Indian steel firms race to plug demand gap in China amid Covid-19 crisis

Steel Authority of India (SAIL) exported close to 130,000 tonnes of semi-finished steel to China during April and May.
Indian steel companies have cracked open an export opportunity in China — the world’s largest producer of alloy — due to the disruptions caused by the Covid-19 pandemic. 

Domestic firms are racing to plug the demand gap in China. In April and May, domestic steel producers exported mostly semi-finished steel to China. Overall exports of semi-finished steel rose 66 per cent year-on-year in April. Though the exact figure for semi-finished exports to China is not known, steel producers say a bulk would have gone to China. The share of semi-finished steel in total exports stood at 26 per cent in FY19, and 25 per cent in FY20. In April, however, the share was 41 per cent.

Steel Authority of India (SAIL) exported close to 130,000 tonnes of semi-finished steel to China during April and May. Total steel exports of the firm in the same period stood at around 200,000 tonnes. Exports to China were approximately 65 per cent of total exports during the period.
Rashtriya Ispat Nigam (RINL) said it exported over 90,000 tonnes of steel to China in May. “It is understood that the Chinese are currently not using the steel melt facilities, but only operating the mills to cater to their construction sector and infrastructure requirements,” said RINL. 

All major private sector producers, too, exported to China. Jayant Acharya, director (commercial and marketing), JSW Steel, said: “China is buying semi-finished steel and hot-rolled coils that they will further convert to downstream products.” 

V R Sharma, MD of Jindal Steel & Power, also said China had emerged as a good market for semi-finished products. Tata Steel is also understood to be exporting to China.

Industry officials said though India used to export to China years ago, the latter has only, at present, emerged as a new market for Indian steel, especially semis. India mostly imports from China, with total steel imports from the nation at 1.21 million tonnes (mt) during FY20; exports were nil.
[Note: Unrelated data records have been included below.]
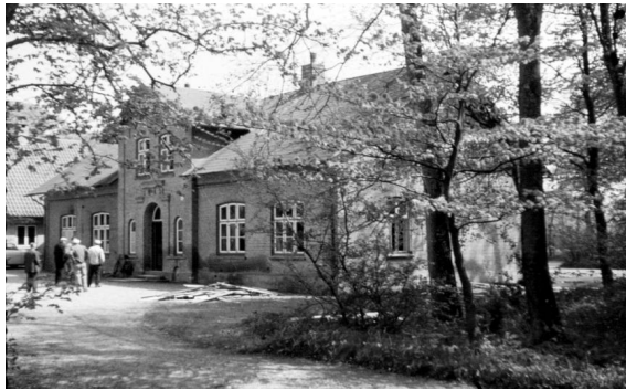
Den gamle præstegård set fra gårdsiden

Præstegården fra 1885 var i en miserabel forfatning. Der var planer om restaurering, så menighedsrådet ønskede ikke, at vi flyttede ind i den. Det var imidlertid meget vanskeligt at finde en anden bolig. I sidste øjeblik lykkedes det at leje nogle lokaler i den såkaldte "Tankcafé" lige ved kirken. Her boede vi, indtil huset blev solgt den 15. august 1963, hvorefter vi flyttede ind i lærerlejligheden i den tidl. tyske skole ("Den hvide skole") nord for kirken. Her boede vi, indtil en ny præstegård var parat den 29. juni 1964.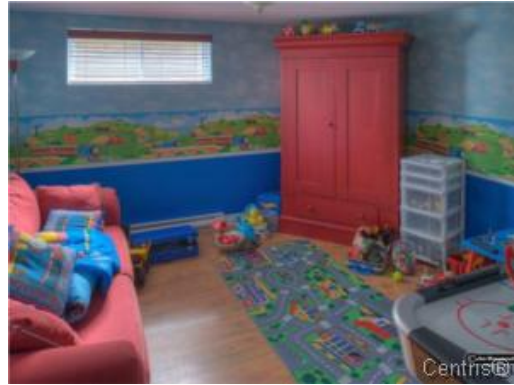
Bureau à domicile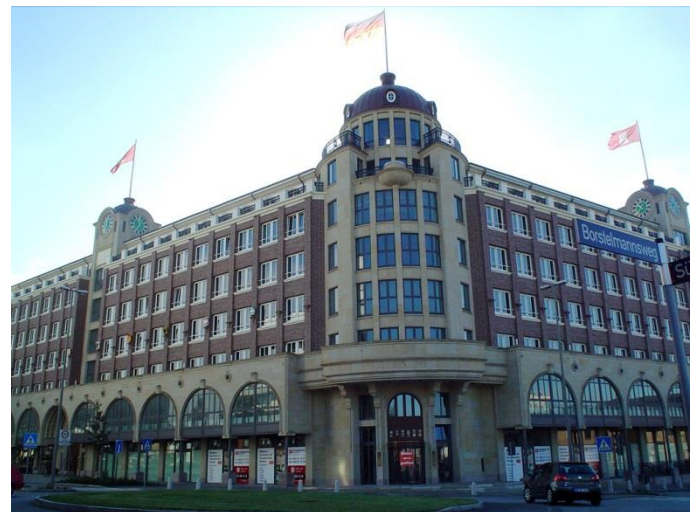
intellivate GmbH im Störtebekerhaus in Hamburg

Die intellivate GmbH hat sich darauf spezialisiert, Unternehmensprozesse aller Art durch Know-how und Software Werkzeuge schlanker, robuster und damit effizienter zu machen. Wir helfen Ihnen, Ihr Daten- und Prozessmanagement als "Wirtschaftsgut Information" zu verstehen, dieses auf eine neue Arbeitsebene zu heben und schließlich die Zusammenarbeit, den Informationsaustausch und damit die Produktivität Ihrer Mitarbeiter und Anlagen zu verbessern.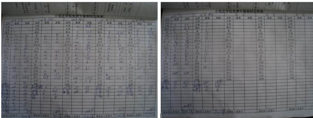
图 9 出库清单组图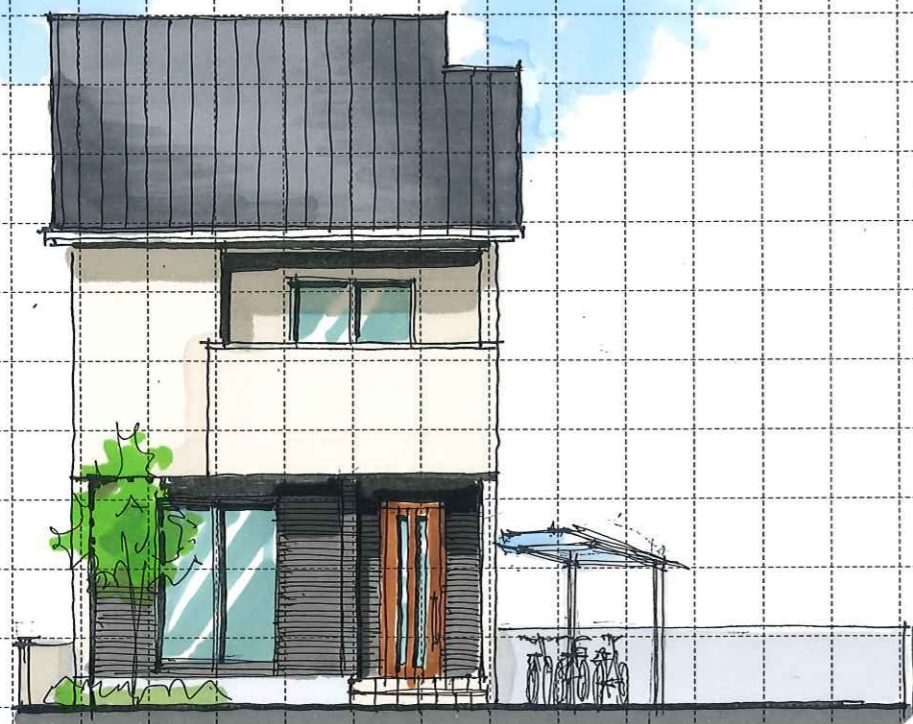
South elevation (南)

That, however, did not include semis. 

The key reason of the demand gap in China is the country’s pace of return to normalcy.

According to the World Steel Association (WSA), reduction in global steel demand this year will be mitigated by an expected faster recovery in China, compared to the rest of the world. The association expects Chinese steel demand to increase by 1 per cent in 2020. In contrast, steel demand in developed economies is expected to decline by 17 per cent. 

Acharya expects sustenance in exports to China, as it pushes up domestic capital expenditure to spur demand. 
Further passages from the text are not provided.